Fitness Friday: 2018 Achilles St. Patrick’s Day 5K

2018 Achilles St. Patrick's Day Race Bib + Medal
2018 Achilles St. Patrick’s Day Race Bib + Medal

I feel like I say this every time I do a race… but I was really not prepared for this one. And if I always think I’m unprepared, then this had to be the race I was definitely the MOST unprepared for due to a combination of things.

About to take off for the 2018 Achilles St. Patrick's Day 5K!
About to take off for the 2018 Achilles St. Patrick’s Day 5K!

I had started semi-training for the St. Patrick’s Day 5K race back in January once we got back from LA, but it was kind of half-hearted. I wasn’t doing sprints (because I hate them) and I was relying on doing tempo runs to help me gain my speed back. I also hadn’t been running outside – instead opting to use the track at the gym, which meant my lungs were not conditioned to the colder temperatures outside. Things took a steep nosedive in March when I got sick (just some random cold) and then I seriously injured my shoulder at a soccer game. The pain was so bad that I stopped ALL exercise for 2-3 weeks. So I wasn’t running, I wasn’t weightlifting, and this race was coming up on me quickly.

This shoulder right here... this one's injured!
This shoulder right here… this one’s injured!

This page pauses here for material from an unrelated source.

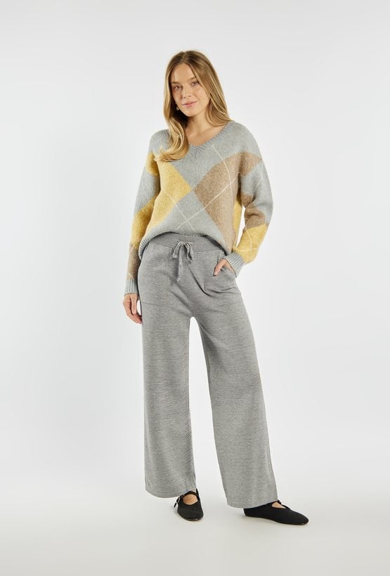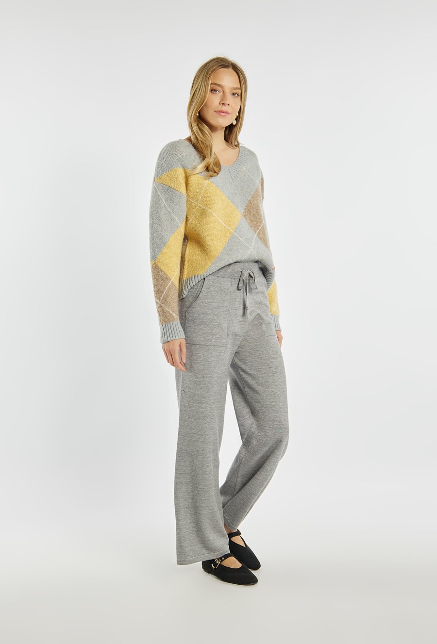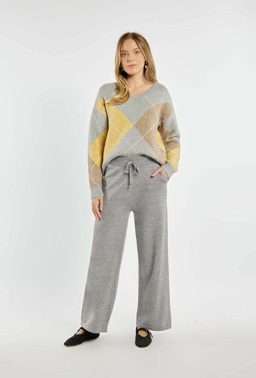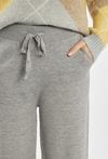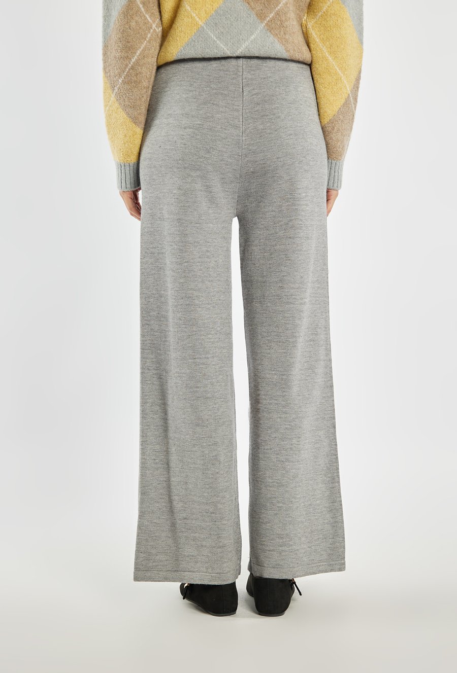 Spodnie o swobodnym fasonie z szerokimi nogawkami. W pasie elastyczna guma ze sznurkiem do regulacji, co zapewnia wygodne dopasowanie. Z przodu znajdują się praktyczne kieszenie. Modelka na zdjęciu ma 177 cm wzrostu i prezentuje rozmiar S/M.

Since I love St. Patrick’s Day and this is my favourite race of the entire year in Toronto, I decided I was going to run it despite the pain I was feeling in my right shoulder. I did a 1K practice run the day before the race and determined I could sustain the impact of my feet hitting the pavement repeatedly without causing too much damage to my shoulder (unreal to think that the impact of my feet was so painful to my shoulder, but it was).

About to set off!
About to set off!

Unfortunately, the way the race worked out this year, the Achilles St. Patrick’s Day race was the AFTER St. Patrick’s Day (please, guys… don’t ever do that again – make it the weekend before!). I wasn’t hungover, but I had certainly curtailed my usual St. Patrick’s Day shenanigans the night before so I wouldn’t feel terrible the morning of the race (or, as good as I could given my injury).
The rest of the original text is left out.